Hollyrock-a-Bye Baby (known in a working title as Hollyrock or Bust!) is a 1993 American animated made-for-television film based on the 1960s series classic, The Flintstones. It first aired on ABC on December 5, 1993. It is the sequel to I Yabba-Dabba Do! and is followed by A Flintstone Family Christmas, which aired less than two weeks later on the same channel.

Plot
After Pebbles and Bamm-Bamm get married and move to Hollyrock in I Yabba-Dabba Do!, Fred and Barney are both working overtime for Mr.
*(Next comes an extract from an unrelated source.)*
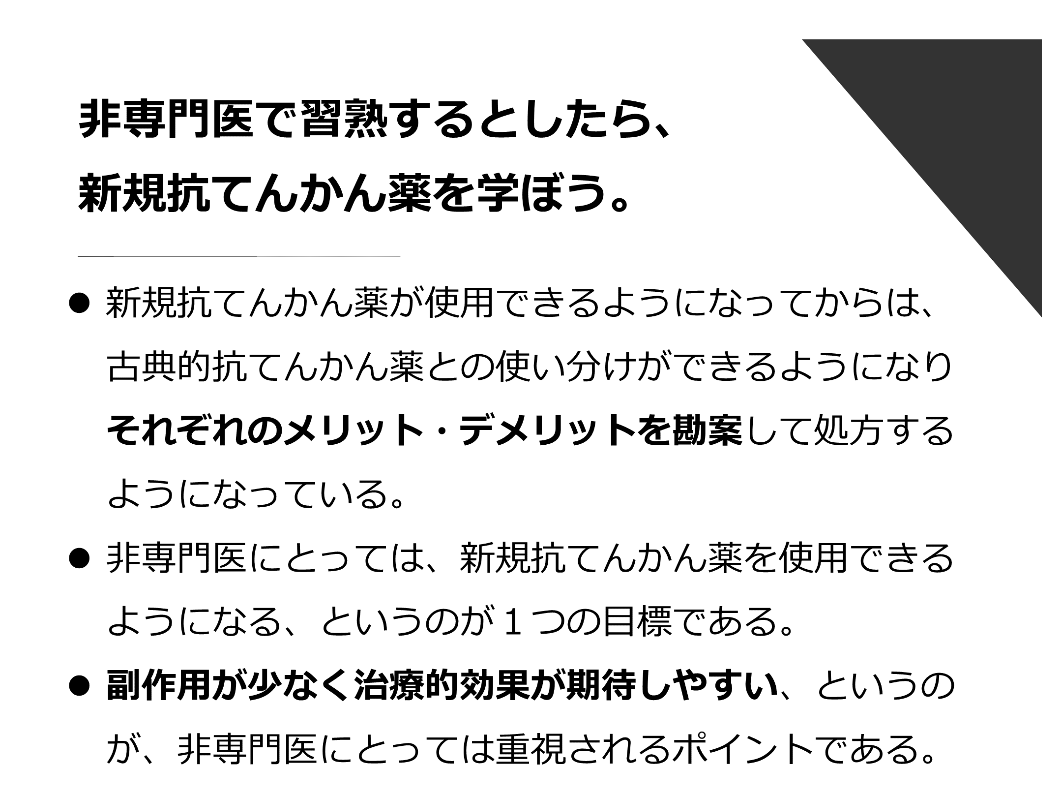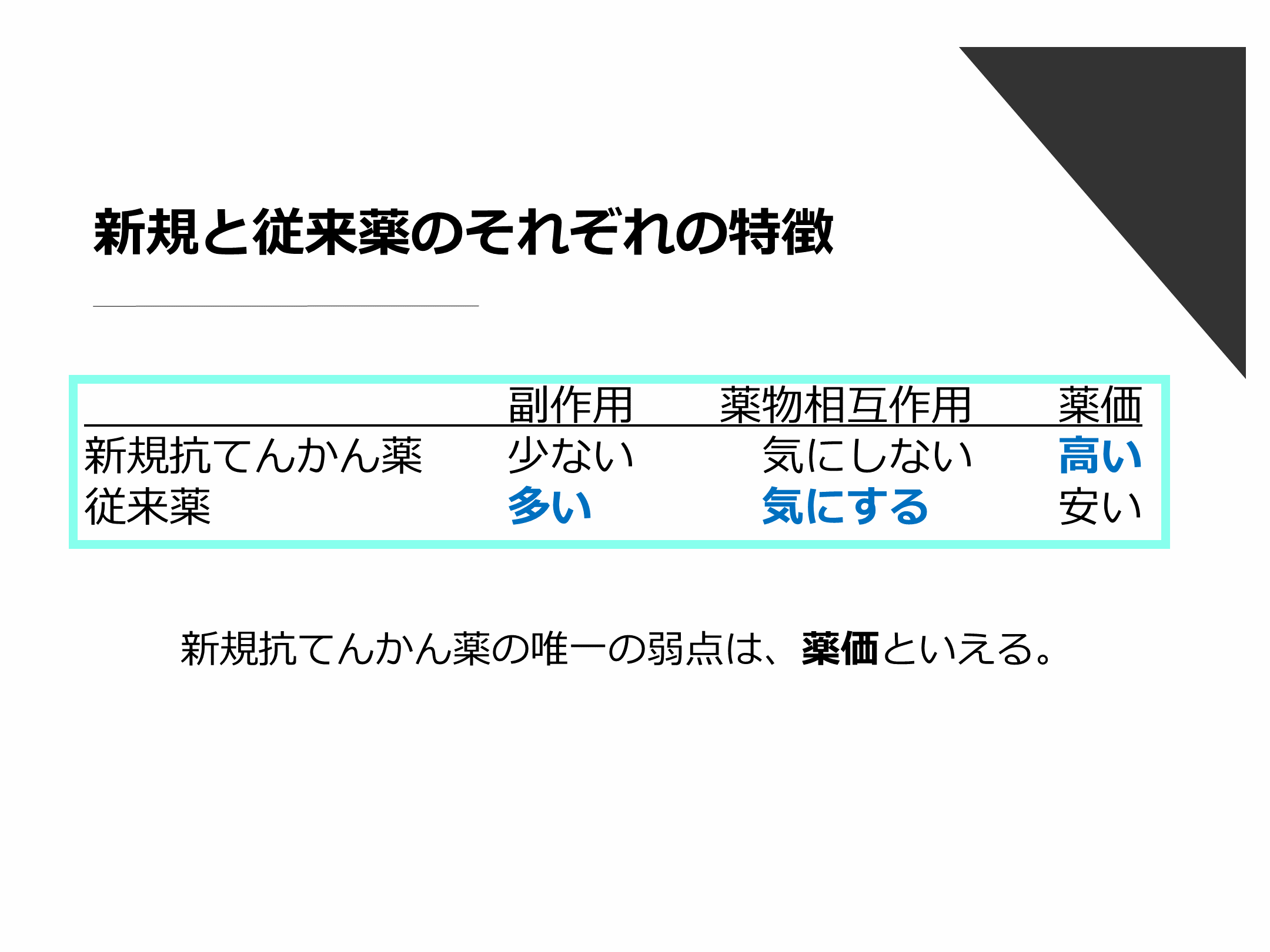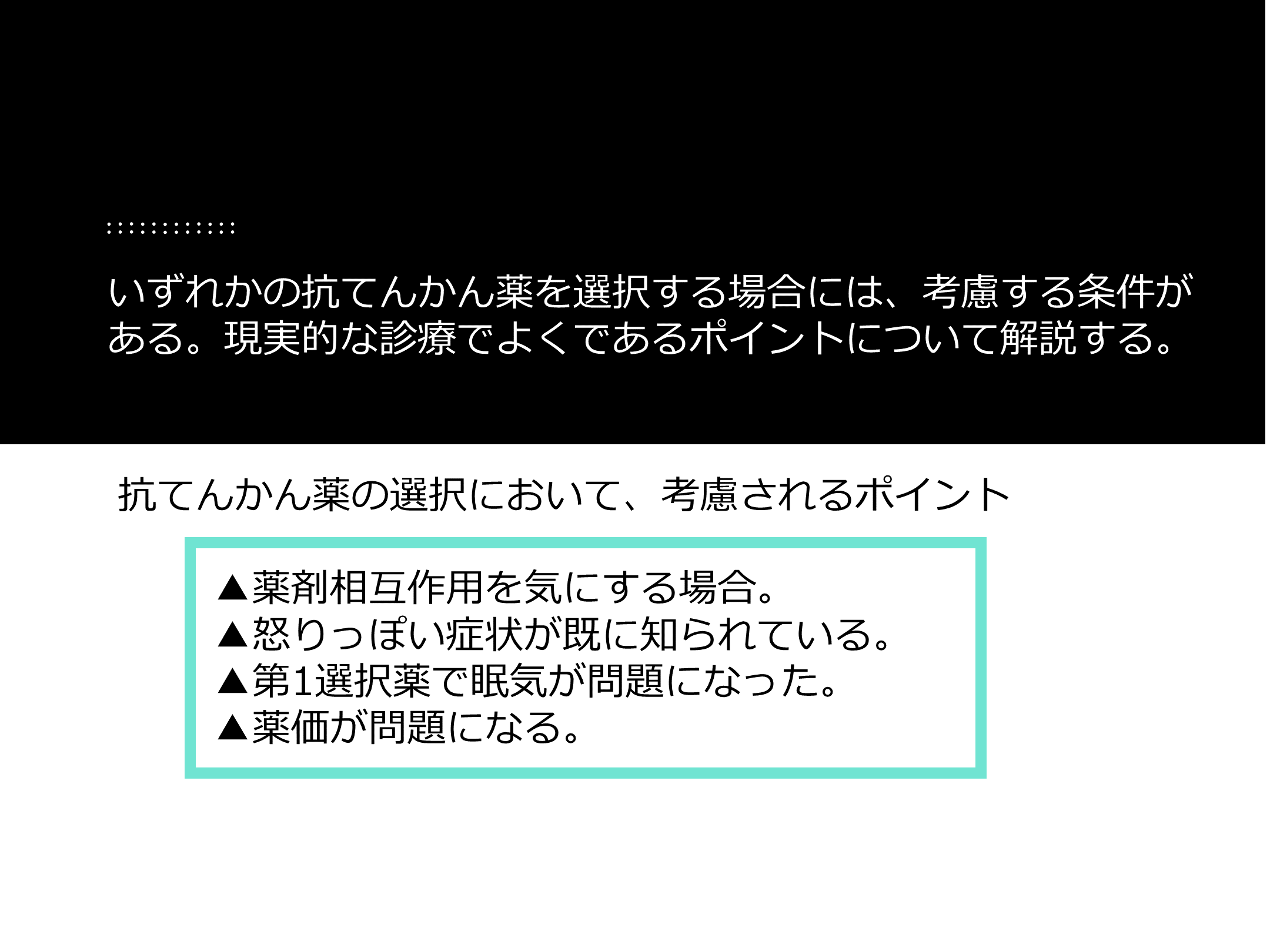 コスト、眠気、精神症状、薬物相互作用などを考慮。

Slate, and Wilma and Betty now own a food delivery service called 'Bone Appetite', but much to Fred's disgust. Wilma is not there to cook for him, so he cooks his own TV dinners as well as Barney's.

One day, the Flintstones and the Rubbles go to Hollyrock to visit their children, Pebbles and Bamm-Bamm (who is trying his luck at being a screenwriter), after Pebbles reveals that she's pregnant with her and Bamm-Bamm's first child. During the visit, they drive Pebbles and Bamm-Bamm crazy by telling them what to do now that Pebbles is going to have a baby.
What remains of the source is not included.